I think that my algorithm is bit-agnostic and will compress 1bpp images the same way, because it makes choices after counting how many bits is needed to store arbitrary sequence of pixels.

 

 

  • Like 1
Link to comment
Share on other sites

1 hour ago, laoo said:

I think that my algorithm is bit-agnostic and will compress 1bpp images the same way, because it makes choices after counting how many bits is needed to store arbitrary sequence of pixels.

How long sequence of pixels do you have to analyse at a time for finding out the best compression?

Do you always optimize the entire line from the reference point to the edge of the scanline?

Obviously there is nothing being passed over from one scanline to the next as every scanline begins at a byte boundary thelling the bytes used by this scanline.
My algorithm was looking for the longest RRR. Then I compare
LL...LLLLLL vs LL...LLLRRR to see if it saves space. If the longest was space saving I continue by taking away the RRR part and repeat the analysis on LL...LLL until I end up with either a L that is the best run. Or R if run-length made sense.
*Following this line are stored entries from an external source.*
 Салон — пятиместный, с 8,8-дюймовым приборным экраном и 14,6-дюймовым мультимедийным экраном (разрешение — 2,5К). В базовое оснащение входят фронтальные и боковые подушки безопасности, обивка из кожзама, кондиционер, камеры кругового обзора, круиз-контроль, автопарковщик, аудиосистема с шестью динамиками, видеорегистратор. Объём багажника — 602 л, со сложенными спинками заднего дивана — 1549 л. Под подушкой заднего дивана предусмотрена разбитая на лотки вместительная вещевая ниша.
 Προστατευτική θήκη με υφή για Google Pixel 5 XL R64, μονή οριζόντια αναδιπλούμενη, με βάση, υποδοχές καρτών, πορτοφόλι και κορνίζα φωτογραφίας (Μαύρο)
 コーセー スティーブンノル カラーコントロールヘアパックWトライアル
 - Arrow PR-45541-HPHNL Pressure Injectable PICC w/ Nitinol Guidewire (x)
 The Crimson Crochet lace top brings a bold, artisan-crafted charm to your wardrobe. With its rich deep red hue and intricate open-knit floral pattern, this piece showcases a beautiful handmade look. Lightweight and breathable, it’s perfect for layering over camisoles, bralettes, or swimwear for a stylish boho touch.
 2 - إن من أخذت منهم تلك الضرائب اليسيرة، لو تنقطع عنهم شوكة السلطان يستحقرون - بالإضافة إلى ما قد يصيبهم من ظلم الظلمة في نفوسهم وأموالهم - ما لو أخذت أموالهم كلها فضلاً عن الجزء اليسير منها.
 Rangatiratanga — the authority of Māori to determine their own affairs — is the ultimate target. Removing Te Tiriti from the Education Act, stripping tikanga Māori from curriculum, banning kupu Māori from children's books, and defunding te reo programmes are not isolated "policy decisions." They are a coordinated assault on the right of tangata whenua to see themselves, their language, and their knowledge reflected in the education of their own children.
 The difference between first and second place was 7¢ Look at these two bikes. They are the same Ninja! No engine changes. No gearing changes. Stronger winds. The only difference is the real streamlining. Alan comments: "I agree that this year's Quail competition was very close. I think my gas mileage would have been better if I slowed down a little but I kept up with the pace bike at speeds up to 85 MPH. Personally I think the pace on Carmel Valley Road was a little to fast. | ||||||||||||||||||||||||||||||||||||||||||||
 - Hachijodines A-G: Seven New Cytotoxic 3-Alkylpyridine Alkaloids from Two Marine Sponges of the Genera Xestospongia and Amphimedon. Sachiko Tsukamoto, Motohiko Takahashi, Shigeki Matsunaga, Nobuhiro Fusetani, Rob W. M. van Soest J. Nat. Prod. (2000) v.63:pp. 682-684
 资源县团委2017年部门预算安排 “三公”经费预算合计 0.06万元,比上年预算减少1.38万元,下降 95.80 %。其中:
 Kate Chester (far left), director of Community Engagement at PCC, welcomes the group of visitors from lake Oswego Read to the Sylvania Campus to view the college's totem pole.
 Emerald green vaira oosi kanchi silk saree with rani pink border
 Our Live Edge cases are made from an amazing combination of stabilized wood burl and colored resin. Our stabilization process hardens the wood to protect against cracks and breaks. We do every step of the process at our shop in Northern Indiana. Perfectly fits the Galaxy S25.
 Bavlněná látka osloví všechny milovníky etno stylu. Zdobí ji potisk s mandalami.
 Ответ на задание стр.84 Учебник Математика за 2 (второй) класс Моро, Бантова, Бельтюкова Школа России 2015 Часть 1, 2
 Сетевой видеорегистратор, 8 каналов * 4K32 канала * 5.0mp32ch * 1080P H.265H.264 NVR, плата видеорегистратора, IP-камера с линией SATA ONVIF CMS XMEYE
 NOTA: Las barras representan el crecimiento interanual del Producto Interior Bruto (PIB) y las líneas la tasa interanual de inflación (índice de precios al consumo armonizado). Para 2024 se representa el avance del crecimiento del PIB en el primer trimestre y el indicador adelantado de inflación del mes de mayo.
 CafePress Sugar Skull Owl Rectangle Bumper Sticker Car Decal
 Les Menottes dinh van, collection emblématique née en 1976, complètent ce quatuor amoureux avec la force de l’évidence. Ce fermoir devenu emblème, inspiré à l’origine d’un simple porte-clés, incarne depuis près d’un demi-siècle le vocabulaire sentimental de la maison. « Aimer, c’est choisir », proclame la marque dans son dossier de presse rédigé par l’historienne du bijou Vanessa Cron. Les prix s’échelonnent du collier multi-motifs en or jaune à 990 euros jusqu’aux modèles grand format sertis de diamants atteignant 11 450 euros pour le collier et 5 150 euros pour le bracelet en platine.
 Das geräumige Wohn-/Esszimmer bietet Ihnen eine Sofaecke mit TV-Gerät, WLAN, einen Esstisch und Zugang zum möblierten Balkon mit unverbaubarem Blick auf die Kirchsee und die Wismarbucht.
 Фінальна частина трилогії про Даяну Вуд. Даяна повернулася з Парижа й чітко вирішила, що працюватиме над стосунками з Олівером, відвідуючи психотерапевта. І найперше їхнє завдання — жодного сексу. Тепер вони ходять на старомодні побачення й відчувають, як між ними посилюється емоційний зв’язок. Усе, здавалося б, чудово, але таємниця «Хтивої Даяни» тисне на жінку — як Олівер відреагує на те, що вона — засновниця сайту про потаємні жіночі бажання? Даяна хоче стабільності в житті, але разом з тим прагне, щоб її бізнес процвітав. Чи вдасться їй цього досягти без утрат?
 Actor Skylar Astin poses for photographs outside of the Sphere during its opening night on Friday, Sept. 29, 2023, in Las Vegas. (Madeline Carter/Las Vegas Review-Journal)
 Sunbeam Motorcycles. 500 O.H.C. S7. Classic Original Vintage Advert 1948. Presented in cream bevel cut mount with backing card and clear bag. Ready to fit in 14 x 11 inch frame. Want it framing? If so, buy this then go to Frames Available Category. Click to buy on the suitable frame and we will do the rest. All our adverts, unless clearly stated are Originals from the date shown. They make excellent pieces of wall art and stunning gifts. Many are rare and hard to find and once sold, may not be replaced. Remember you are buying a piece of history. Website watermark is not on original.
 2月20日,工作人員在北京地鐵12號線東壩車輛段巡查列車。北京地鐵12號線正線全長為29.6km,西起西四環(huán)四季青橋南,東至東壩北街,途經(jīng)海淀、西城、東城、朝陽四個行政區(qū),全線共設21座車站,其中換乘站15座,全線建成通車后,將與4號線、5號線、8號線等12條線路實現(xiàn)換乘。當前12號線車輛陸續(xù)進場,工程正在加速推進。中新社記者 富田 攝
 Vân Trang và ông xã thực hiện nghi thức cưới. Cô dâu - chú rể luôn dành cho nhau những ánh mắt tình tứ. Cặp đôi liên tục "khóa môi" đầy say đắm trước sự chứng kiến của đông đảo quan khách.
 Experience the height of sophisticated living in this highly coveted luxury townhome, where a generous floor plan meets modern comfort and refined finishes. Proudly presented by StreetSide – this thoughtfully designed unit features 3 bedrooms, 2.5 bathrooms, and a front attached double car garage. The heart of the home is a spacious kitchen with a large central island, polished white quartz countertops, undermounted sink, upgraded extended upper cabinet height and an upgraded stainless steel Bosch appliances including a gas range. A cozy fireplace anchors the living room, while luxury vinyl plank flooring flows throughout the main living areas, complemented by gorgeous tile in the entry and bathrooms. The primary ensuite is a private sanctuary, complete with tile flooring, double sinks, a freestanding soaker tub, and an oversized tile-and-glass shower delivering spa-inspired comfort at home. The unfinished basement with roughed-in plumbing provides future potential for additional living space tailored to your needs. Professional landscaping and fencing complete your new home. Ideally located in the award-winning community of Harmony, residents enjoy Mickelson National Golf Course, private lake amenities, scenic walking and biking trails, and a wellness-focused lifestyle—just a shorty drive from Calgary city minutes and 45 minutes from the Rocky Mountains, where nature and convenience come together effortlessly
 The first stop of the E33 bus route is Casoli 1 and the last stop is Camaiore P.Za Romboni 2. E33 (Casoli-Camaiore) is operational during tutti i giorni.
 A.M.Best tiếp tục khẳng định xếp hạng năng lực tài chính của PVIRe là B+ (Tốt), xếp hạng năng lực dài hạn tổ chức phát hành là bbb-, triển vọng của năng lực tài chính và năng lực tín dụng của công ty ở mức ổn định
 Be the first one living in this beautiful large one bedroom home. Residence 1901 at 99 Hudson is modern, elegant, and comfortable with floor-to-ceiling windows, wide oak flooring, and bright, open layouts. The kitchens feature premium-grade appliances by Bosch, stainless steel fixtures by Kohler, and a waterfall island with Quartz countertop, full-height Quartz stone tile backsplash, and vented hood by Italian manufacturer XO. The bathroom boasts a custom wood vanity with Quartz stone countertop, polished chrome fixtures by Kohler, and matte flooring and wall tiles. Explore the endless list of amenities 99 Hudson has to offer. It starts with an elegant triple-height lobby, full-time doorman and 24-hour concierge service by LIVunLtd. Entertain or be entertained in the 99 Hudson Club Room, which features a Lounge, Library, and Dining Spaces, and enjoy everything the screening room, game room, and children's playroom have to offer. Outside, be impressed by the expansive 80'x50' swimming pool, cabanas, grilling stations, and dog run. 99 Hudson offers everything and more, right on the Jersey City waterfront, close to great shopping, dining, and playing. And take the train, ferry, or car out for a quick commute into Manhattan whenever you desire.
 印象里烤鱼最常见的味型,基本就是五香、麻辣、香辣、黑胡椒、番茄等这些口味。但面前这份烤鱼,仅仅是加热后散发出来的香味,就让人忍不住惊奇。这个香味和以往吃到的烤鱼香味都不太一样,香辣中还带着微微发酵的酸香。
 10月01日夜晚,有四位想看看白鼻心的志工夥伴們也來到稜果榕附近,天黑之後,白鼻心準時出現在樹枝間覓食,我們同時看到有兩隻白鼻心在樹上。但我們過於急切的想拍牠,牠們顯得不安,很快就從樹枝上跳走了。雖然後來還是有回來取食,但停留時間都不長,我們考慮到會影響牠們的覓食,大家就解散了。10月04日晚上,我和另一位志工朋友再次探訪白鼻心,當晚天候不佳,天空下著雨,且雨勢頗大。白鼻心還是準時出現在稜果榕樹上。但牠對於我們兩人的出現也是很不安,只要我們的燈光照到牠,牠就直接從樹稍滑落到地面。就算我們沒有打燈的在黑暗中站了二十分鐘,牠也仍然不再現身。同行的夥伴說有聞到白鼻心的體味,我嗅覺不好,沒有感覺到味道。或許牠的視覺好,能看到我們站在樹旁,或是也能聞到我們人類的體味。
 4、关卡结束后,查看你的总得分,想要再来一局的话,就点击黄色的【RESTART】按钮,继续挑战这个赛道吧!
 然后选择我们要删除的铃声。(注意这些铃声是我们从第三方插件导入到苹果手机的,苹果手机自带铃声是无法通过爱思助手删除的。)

In theory things like RRLRR vs LLLRR vs LLLLL could provide a bad decision as @42bs pointed out. I really don't know. Creating new algorithms is a bit difficult for me. Obviously you have better compression than me at this point.

Perhaps we need some kind of pattern matching rules? It should be simple to analyse the stride and create a pattern like R3L16L13R3L5R7L15R8L9R4L3R4L2R5L15R3L2R10L2R10L2R3L9R7. All repeating pixels are coded as Rxx. From this we could process the patterns to remove Rx elements if they are better expressed as Lx. The final pattern would then be used to do the actual packing.

'''
    The inpattern is like L10R4R3L3... till end of line
    bpp is 4,3,2,1
    outpattern is like inpattern but saves more space
'''
def bestline(inpattern, bpp):
    ''' Do magic '''
    return outpattern

 

Now it is coded ;) 
Feel free to add some code to make this work.

 

I could make a brute force variant that uses annealing to randomly remove one Rxx record at a time and saves the result if it is better. After a few hundred attempts we call it a day and use the best packing of the line that we found. Computing power is cheap ;) .

Link to comment
Share on other sites

@karri Actually my idea is trivial and it's a reification of your idea:

  

1 hour ago, karri said:

It should be simple to analyse the stride and create a pattern like R3L16L13R3L5R7L15R8L9R4L3R4L2R5L15R3L2R10L2R10L2R3L9R7. All repeating pixels are coded as Rxx. From this we could process the patterns to remove Rx elements if they are better expressed as Lx. The final pattern would then be used to do the actual packing.

 

Only implementation is cumbersome.

 

Phase 1: I'm generating sequence of blocks of unlimited length that are either literal or rle. Run of repeated (at least two) bytes is a rle block, run of bytes where no consecutive bytes are repeated is literal.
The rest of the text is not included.